Answer to this Stackoverflow Question
How would one model this kind of data in Neo4j
?:
> HOLDINGS Portfolio Holding Instrument Date BALANCE.USD 1 ABC Stock 1 Share Class A Stock 1 2013-12-31 25360291 2 ABC Stock 1 Share Class A Stock 1 2014-01-31 25302011 3 ABC Stock 1 Share Class B Stock 1 2013-12-31 12264011 4 ABC Stock 1 Share Class B Stock 1 2014-01-31 12893201 5 DEF Fund 1 Share Class EUR Series 1 Fund 1 2013-12-31 21012222 6 DEF Fund 1 Share Class EUR Series 1 Fund 1 2014-01-31 21632101 7 DEF Fund 1 Share Class EUR Series 2 Fund 1 2013-12-31 8214325 8 DEF Fund 1 Share Class EUR Series 2 Fund 1 2014-01-31 8292630 9 DEF Portfolio ABC Account Portfolio ABC 2013-12-31 155364592 10 DEF Portfolio ABC Account Portfolio ABC 2014-01-31 156202162
> FACTORS Instrument Factor ExposureStrength 1 Stock 1 North America:US 1.00 2 Stock 1 Industrials 1.00 3 Fund 1 Liquidity:Low 0.05 4 Fund 1 North America 0.70 5 Fund 1 Europe:Eurozone:Germany 0.20 6 Fund 1 Industrials:Capital Goods:Building Products 0.25
To give a little narrative, a portfolio invests into changing set of instruments (stocks, bonds, other portfolios …) with time-varying value. The instruments in turn are sensitive to factors, which can be hierarchical, such as sectors [(e.g. GICS classification)](http://www.spindices.com/documents/index-policies/methodology-gics.pdf), regions/countries, size etc. Although it is not reflected in the FACTORS
table above, ExposureStrength
can vary with time too.
Portfolio exposure to each factor is then calculated as Balance * ExposureStrength
. The aim is to later aggregate or slice&dice the exposures by different factor sets.
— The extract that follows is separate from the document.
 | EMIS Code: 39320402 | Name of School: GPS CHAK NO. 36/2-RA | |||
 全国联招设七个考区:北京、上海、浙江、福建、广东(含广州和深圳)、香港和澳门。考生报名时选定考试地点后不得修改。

I am not yet an user of Neo4j
but considering learning Cypher
query language, so apologies for not posting reproducible example yet. Was curious how complex would Cypher
snippets look like for this kind of problem.
You could model the time variance by creating one HoldingBalance node that is connected to a Portfolio and Instrument with a date reference, which have :NEXT relationships and are at the same time anchored in a time-tree for quick access of sub-sequences.
Something like this:
(Portfolio)-->(Holding)<--(Instrument) | v (HoldingBalance)<-[:NEXT]-(HoldingBalance)-->(day)-->(month)-->(year)
Same goes for factors
(Factor)-->(Exposure)<--(Instrument) | v (ExposureStrength)<-[:NEXT]-(ExposureStrength)-->(day)-->(month)-->(year)
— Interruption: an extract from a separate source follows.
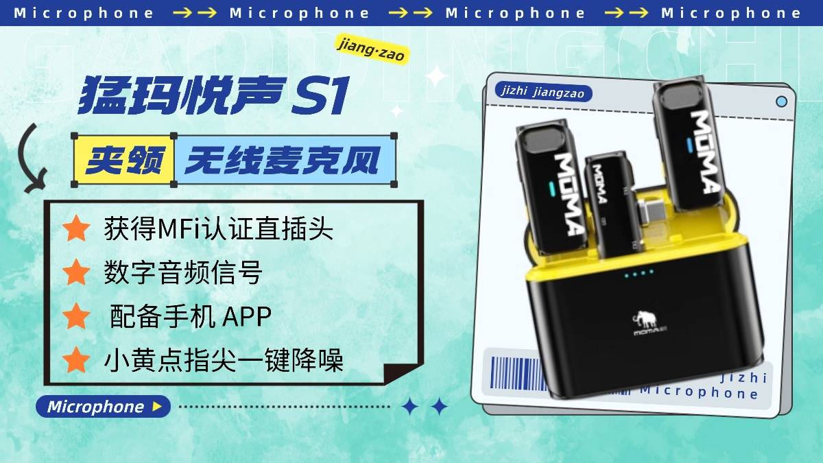 猛玛悦声S1完全满足日常简单语音录制、地摊直播等基础需求,人声清晰度在线,无突兀杂音干扰。而且搭载HearClear降噪算法,压制部分环境杂音,室内安静环境下收音稳定,不受轻微背景音影响(户外风噪抑制能力一般,需搭配防风罩使用);2.4GHz数字跳频技术实现200米内无遮挡稳定传输。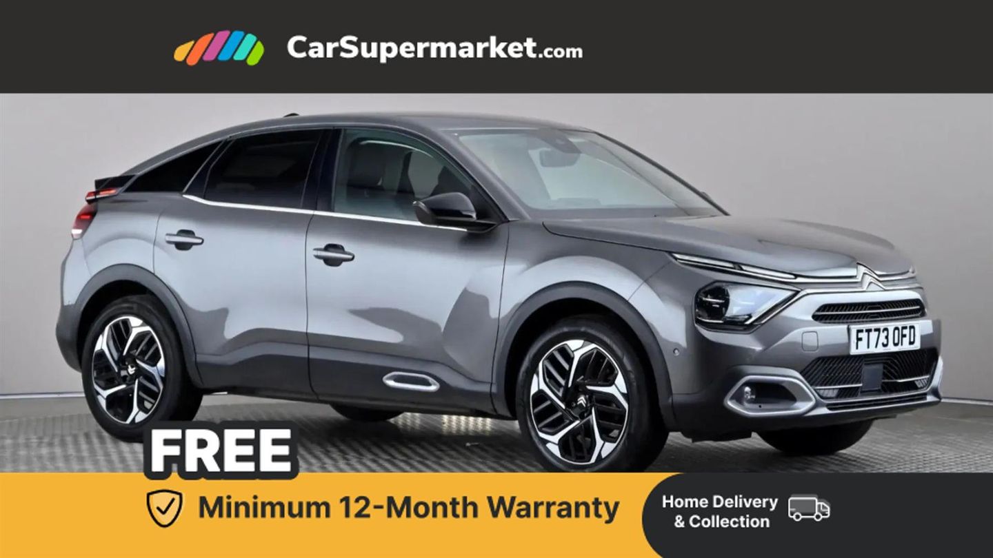 5.5 inch backlit full TFT driver's instrument cluster with LED ambient lighting,Active blind spot detection,Apple car play and Android auto,Citroen connect box emergency and assistance system,Citroen Smart Pad Support - integrated support for attaching a tablet computer for front passenger,Driver's head-up display,Electronic Power Steering (EPS),Front, rear and lateral parking sensors,In-crash braking,My Citroen Drive Plus: 10" high-resolution touchscreen user interface, controlling media, connectivity, vehicle settings + connected nav,Speed limiter,Tailgate,Voice commands,Advanced comfort suspension - double hydraulic stops on front and rear suspension,6 speakers,Bluetooth telephone and audio streaming,DAB Digital radio,3rd brake light,Automatic headlights,Body colour bumpers,Body colour door handles,Boot spoiler,C-Series badging on front wing,Dark tinted rear windows and side windows with chrome detail,Electrically heated, folding and adjustable external rear view mirrors with courtesy lighting,Electrochrome interior rear-view mirror with automatic day-night switching,Front and rear electric windows,Gloss black rear skirt,Intelligent beam headlights,LED daytime running lights in V signature,LED front fog lamps with static cornering function,LED front headlamps,Perla Nera black painted external rear view mirrors,Rain sensing automatic front windscreen wipers,Rear side wing doors,Rear wiper,Shark fin roof aerial,Welcome and goodbye lighting,12V power outlet, 1x USB Type-C socket & data connection, 1x USB Type-A socket at 1st row + 1x USB Type-A socket , 1x USB Type-C socket in 2nd row,3 rear headrests,3 seat bench in 2nd row,Alcantara and black leather effect textile seats,Boot light,Dashboard tray in front cabin,Deluxe leather steering wheel with two command blocks,Driver and passenger sunvisors with illuminated vanity mirrors,Dual zone automatic air conditioning,Electrically heated front seats,Front and rear LED interior lighting,Front head restraints,Heated steering wheel,Height adjustable driver's seat with adjustable lumbar support,Height adjustable front passenger seat,Height and reach adjustable steering wheel,Map pockets in rear of front seats,Raised centre console with armrest and two cup holders,Rear central folding armrest with cupholders and ski hatch,Single front passenger seat,Split folding rear seats,Two position boot floor,XXL storage in front cabin,High level acoustic insulation pack - C4/C4 X/e-C4 X,Safety pack plus - C4/C-Series Edition/Max,3x3 point rear seatbelts,ABS,Driver and front passenger airbags,Electric parking brake,ESP,Front seatbelt pretensioners,Hill start assist,Manual child lock in second row,Manual deactivation of front passenger airbag,Row 1 and 2 curtain airbags,Row 1 side thorax airbags,Seatbelt unfastened on the move warning,Tyre underinflation detection,Anti-theft alarm (volumetric protection),Immobiliser,Keyless entry and start,Remote locking with deadlocks,18" Bi-tone diamond-cut aeroblade alloy wheels with anti-theft locking wheel nuts,Puncture repair kit with compressor

LOAD CSV WITH HEADERS FROM "https://gist.github.com/jexp/cace2732effa846d9fc2/raw/holdings.csv" AS line
MERGE (p:Portfolio {name:line.Portfolio})
MERGE (h:Holding {name:line.Holding})
MERGE (i:Instrument {name:line.Instrument})
MERGE (h)-[:IN_PORTFOLIO]->(p)
MERGE (h)-[:HOLDING_INSTRUMENT]->(i)
MERGE (hb:HoldingBalance {name:line.Holding, date:line.Date}) ON CREATE SET hb.balance=toInt(line.BalanceUsd)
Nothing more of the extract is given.